Ian Rutherford

Personal information
- Full name: Ian Alexander Rutherford
- Born: 30 June 1957 Dunedin, New Zealand
- Died: 2 April 2026 (aged 68) Ettrick, New Zealand
- Batting: Right-handed
- Bowling: Right-arm medium; Right-arm off break;
- Relations: Ken Rutherford (brother); Hamish Rutherford (nephew);

Domestic team information
- 1974–75 – 1976–77: Otago
- 1976: Worcestershire
- 1977–78: Central Districts
- 1977–78: Wanganui
- 1978–79 – 1983–84: Otago
- 1981–82 – 1985–86: Central Otago
- FC debut: 26 December 1974 Otago v Canterbury
- Last FC: 6 March 1984 Otago v Central Districts
- LA debut: 30 November 1975 Otago v Canterbury
- Last LA: 23 January 1983 Otago v Canterbury

Career statistics
| Competition | First-class | List A |
| Matches | 79 | 21 |
| Runs scored | 3,794 | 449 |
| Batting average | 27.10 | 21.38 |
| 100s/50s | 5/16 | 1/1 |
| Top score | 222 | 100 |
| Balls bowled | 79 | 8 |
| Wickets | 1 | 0 |
| Bowling average | 28.00 | – |
| 5 wickets in innings | 0 | – |
| 10 wickets in match | 0 | – |
| Best bowling | 1/8 | – |
| Catches/stumpings | 50/– | 13/– |
- Source: CricketArchive, 20 October 2023

= Ian Rutherford =

New Zealand cricketer (1957–2026)

Ian Alexander Rutherford (30 June 1957 – 2 April 2026) was a New Zealand cricketer who played for Central Districts and Otago between 1974 and 1984. In 1978–79 in the Shell Trophy Final he batted for 625 minutes for his highest first-class score of 222 for Otago against Central Districts in New Plymouth. He was the older brother of Ken Rutherford. He also played for Central Otago in the Hawke Cup.
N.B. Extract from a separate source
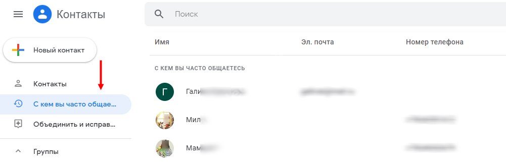 Вторая строка — С кем вы часто общаетесь. Здесь можно посмотреть только тех людей, с которыми вы переписываетесь по почте Gmail. В категории Объединить и исправить можно внести правки.

Rutherford played 79 first class matches and scored 3794 runs at an average of 27.10 with five centuries and 16 fifties. He also played 21 List A matches, scoring 449 runs at an average of 14.96 with one century and one fifty. He was described as "a dependable presence at the top of the order". He was also a member of three Otago Plunket Shield-winning sides.

Rutherford was a patron of the Molyneux Cricket Club in Alexandra.

Rutherford died as a result of a car collision near Ettrick in Central Otago, on 2 April 2026, at the age of 68.